[[ RECORDED INFORMATION open ]]

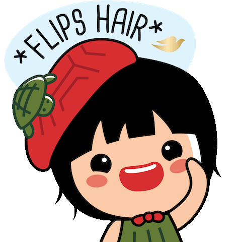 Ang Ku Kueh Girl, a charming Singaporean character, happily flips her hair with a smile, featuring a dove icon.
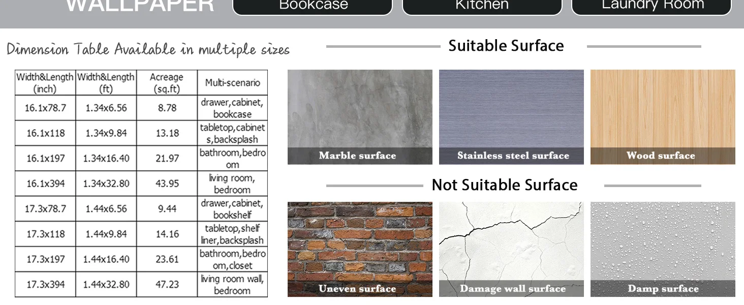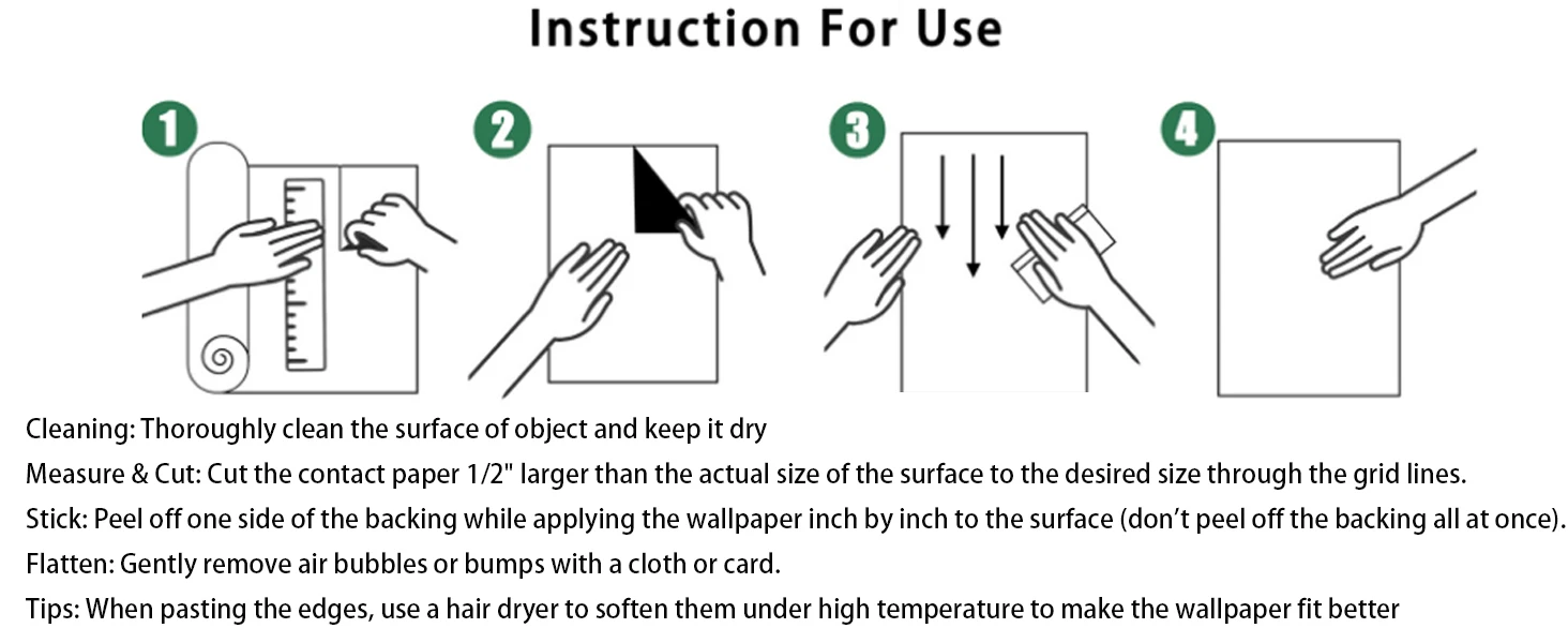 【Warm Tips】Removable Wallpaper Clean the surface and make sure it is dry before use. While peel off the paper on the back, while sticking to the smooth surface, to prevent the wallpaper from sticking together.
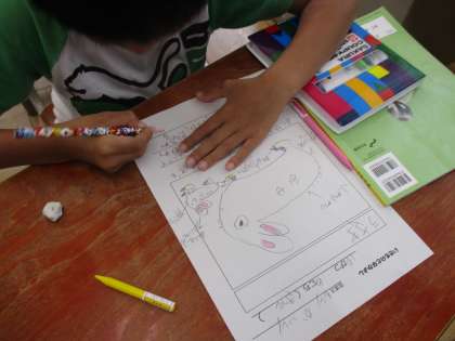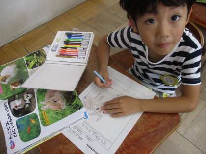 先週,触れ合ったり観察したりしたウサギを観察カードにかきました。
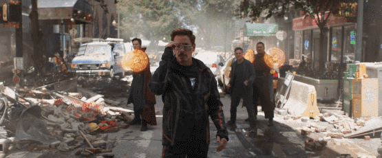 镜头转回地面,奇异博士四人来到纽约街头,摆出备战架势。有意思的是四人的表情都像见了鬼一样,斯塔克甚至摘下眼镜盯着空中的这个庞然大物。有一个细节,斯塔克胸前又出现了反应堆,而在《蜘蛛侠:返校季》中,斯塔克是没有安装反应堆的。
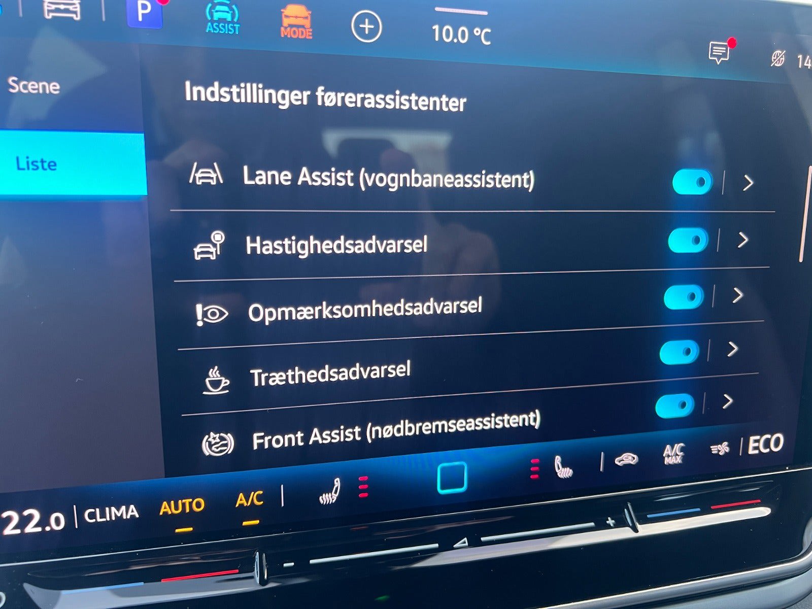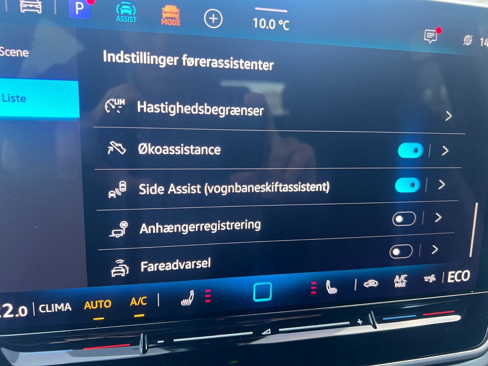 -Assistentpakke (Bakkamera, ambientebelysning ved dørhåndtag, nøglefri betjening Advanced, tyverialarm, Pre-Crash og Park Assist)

[[ RECORDED INFORMATION closed ]]

YOUR GOAL:
Give back exactly the lines from the top of the records to the line containing "镜头转回地面,奇异博士四人来", both included, and no pictures.

TASK ANSWER:
 Ang Ku Kueh Girl, a charming Singaporean character, happily flips her hair with a smile, featuring a dove icon.
 【Warm Tips】Removable Wallpaper Clean the surface and make sure it is dry before use. While peel off the paper on the back, while sticking to the smooth surface, to prevent the wallpaper from sticking together.
 先週,触れ合ったり観察したりしたウサギを観察カードにかきました。
 镜头转回地面,奇异博士四人来到纽约街头,摆出备战架势。有意思的是四人的表情都像见了鬼一样,斯塔克甚至摘下眼镜盯着空中的这个庞然大物。有一个细节,斯塔克胸前又出现了反应堆,而在《蜘蛛侠:返校季》中,斯塔克是没有安装反应堆的。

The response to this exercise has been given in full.